Before moving into therapy, researchers can label candidate molecules with isotopes suitable for PET or gamma-camera imaging to study biodistribution in real time. These scans reveal how long a compound stays in the blood, how it’s excreted and how much accumulates in tumors. This information guides both candidate selection and dosing.
“Imaging is integral to radiopharmaceutical therapy, both for understanding your drug and as a biomarker to allow patients to be selected for therapy.”
— Dr. John Babich
Imaging also underpins patient selection. Before enrolling in a clinical trial, patients can be scanned to determine whether their tumors express the target that the radiotherapeutic is designed to bind.
“Not everyone wants a biopsy of their tumor,” Dr. Babich noted. “Sometimes it’s impossible, and it’s certainly never convenient.” Molecular imaging can serve as a non-invasive alternative, ensuring only appropriate candidates receive treatment.
He believes these same imaging principles could improve the development of other targeted modalities, such as antibody-drug conjugates, by confirming target expression and optimizing trial design.
Redefining Endpoints and the Patient Experience
While regulatory frameworks for oncology remain stable, Dr. Babich expects radiopharmaceuticals to heighten attention to patient quality of life.
“Our philosophy here is that we want to extend life with quality,” he said. “If you have to go through a severe battery of chemotherapeutic treatments and your life is miserable even though you’re alive six months later, that’s quite different from being able to go out and play tennis, visit your grandchildren or just go for a walk.”
Because these therapies often produce minimal side effects, patient monitoring focuses more on hematologic safety than on acute toxicity. “You may not feel that your platelets are dropping, but that could be very serious in terms of bleeding,” he cautioned. “So we’re always monitoring, just as in any trial.”
Imaging, again, can play a role in follow-up, not only for measuring response but for early detection of recurrence.
“Maybe the imaging biomarkers we use to find tumors and identify patients for therapy can also be used for follow-up assessments,” Dr. Babich said. “Even if the tumor hasn’t grown much, a PET scan might identify whether something else is popping up unexpectedly.”
The Road Ahead: From Molecules to Medicine
Looking five to ten years ahead, Babich envisions more advanced isotope supply chains and automation.
“Manufacturing techniques will get smarter and more automated, that’s inevitable,” he said. “Ten years from now, there may be some very cool chemical scaffolds better than anything we have today.”

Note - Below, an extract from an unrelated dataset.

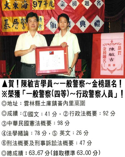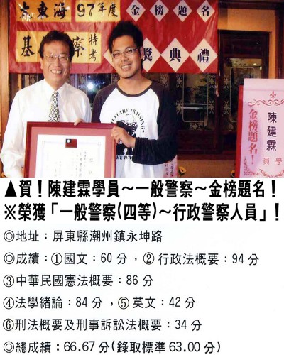 【第二篇】:【警察特考.警專招考.法警招考.海巡特考】→【錄取分數.高分錄取.榮登金榜】

He imagines fit-for-purpose molecules that can self-destruct if they don’t bind to the tumor or covalently attach to targets for sustained delivery. He also predicts growth in community-based radiopharma treatment clinics, allowing patients to access these treatments closer to home. “That will be the big leap, bringing these technologies to patients in their hometowns,” he said.
For emerging biotech founders, Babich offers clear advice: understand the complexity. “It is not for the faint of heart,” he cautioned. “You need expertise across chemistry, radiochemistry, pharmacology, biology and radiation physics.”
Strong partnerships and pragmatic execution, he added, are essential. “Everything takes longer than you think and costs more than you think,” he said. “You need multiple shots on goal and early kill studies are a good thing.”
Despite the challenges, his outlook remains optimistic. “Innovators and large pharma are coming together, and that’s very healthy for patients, because we need both sides: the innovators who are willing to take risks and the larger players who can scale manufacturing and late-stage trials.”